UVA - 11419 SAM I AM

SAM I AM

The world is in great danger!! Mental’s forces have returned to Earth to eradicate humankind. Our last hope to stop this great evil is Sam “Serious” Stone. Equipped with various powerful weapons, Serious Sam starts his mission to destroy the forces of evil. After fighting two days and three nights, Sam is now in front of the temple KOPTOS where Mental’s general Ugh Zan III is waiting for him. But this time, he has a serious problem. He is in shortage of ammo and a lot of enemies crawling inside the temple waiting for him.
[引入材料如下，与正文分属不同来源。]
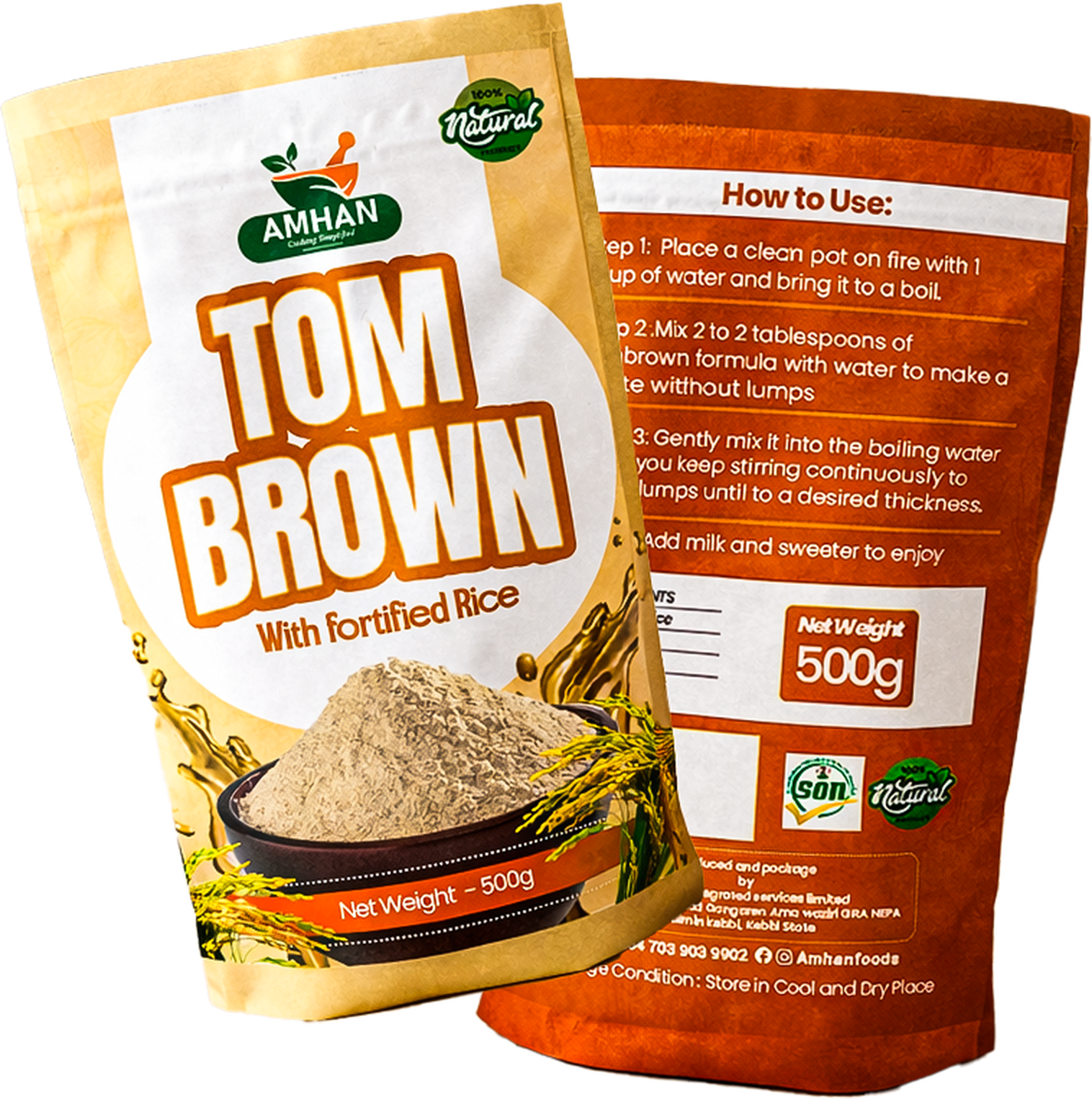 Ahman Tombrown is a carefully crafted, nutritious blend made from high-quality soya beans and other locally sourced ingredients, designed to provide balanced nourishment for individuals and families. Rich in plant-based protein, essential vitamins, and natural nutrients, it serves as a wholesome meal option that supports healthy growth, energy, and overall well-being.

After rounding the temple Sam finds that the temple is in rectangle shape and he has the locations of all enemies in the temple. All of a sudden he realizes that he can kill the enemies without entering the temple using the great cannon ball which spits out a gigantic ball bigger than him killing anything it runs into and keeps on rolling until it finally explodes. But the cannonball can only shoot horizontally or vertically and all the enemies along the path of that cannon ball will be killed. Now he wants to save as many cannon balls as possible for fighting with Mental. So, he wants to know the minimum number of cannon balls and the positions from which he can shoot the cannonballs to eliminate all enemies from outside that temple.
Input
The input file contains several test cases. Here, the temple is defined as a R ×C grid. The first line of each test case contains 3 integers:R (0 < R < 1001), C (0 < C < 1001) representing the grid of temple (R means number of row and C means number of column of the grid) and the number of enemies N (0 < N < 1000001) inside the temple. After that there are N lines each of which contains 2 integers representing the position of the enemies in that temple. Each test case is followed by a new line (except the last one). Input is terminated when R = C = N = 0.
Output
For each test case there will be one line output. First print the minimum number (m) of cannonballs needed to wipe out the enemies followed by a single space and then m positions from which he can shoot those cannonballs. For shooting horizontally print ‘r’ followed by the row number and for vertical shooting print ‘c’ followed by the column number. If there is more than one solution any one will do.
Sample Input
4 4 3 1 1 1 4 3 2
4 4 2 1 1 2 2
0 0 0
Sample Output
2 r1 r3 2 r1 r2

思路：将行作为二分图左侧的点，列作为二分图右侧的点，即为求二分图的最小点覆盖数，就可以转化为求二分图的最大匹配数。这里的重难点在路径打印，解释在注释中给出

#include <iostream>
#include <cstdio>
#include <cstring>

using namespace std;

const int maxn = 1e3 + 10;

int r, c, n;
int g[maxn][maxn], linkl[maxn], linkr[maxn], vis[maxn], a[maxn], b[maxn];
int vit[maxn];

int dfs(int x)
{
    vis[x] = 1;
    for(int i = 1; i <= c; i++)
    {
        if(!vit[i] && g[x][i])
        {
            vit[i] = 1;
            if(!linkl[i] || dfs(linkl[i]))
            {
                linkl[i] = x;
                linkr[x] = i;
                return 1;
            }
        }
    }
    return 0;
}

int main()
{
    while(cin >> r >> c >> n)
    {
        if(!r && !c && !n)
            break;
        memset(g, 0, sizeof(g));
        int e = 0;
        for(int i = 0; i < n; i++)
        {
            int x, y;
            cin >> x >> y;
            g[x][y] = 1;
        }
        int ans = 0;
        memset(linkl, 0, sizeof(linkl));
        memset(linkr, 0, sizeof(linkr));
        for(int i = 1; i <= r; i++)
        {
            memset(vit, 0, sizeof(vit));
            memset(vis, 0, sizeof(vis));
            if(dfs(i))
                ans++;
        }
        printf("%d", ans);
        memset(vit, 0, sizeof(vit));
        memset(vis, 0, sizeof(vis));//注意清空操作！
        for(int i = 1; i <= r; i++)
        {
            if(!linkr[i])
                dfs(i);//将左侧没有与右侧匹配的点作为起点进行匹配，将同侧与其右侧匹配点相同的点标记，同时标记右侧的与其有关系的点
        }
        for(int i = 1; i <= r; i++)
        {
            if(!vis[i])
                printf(" r%d", i);
        }
        for(int i = 1; i <= c; i++)
        {
            if(vit[i])
                printf(" c%d", i);
        }
        cout << endl;
    }
    return 0;
}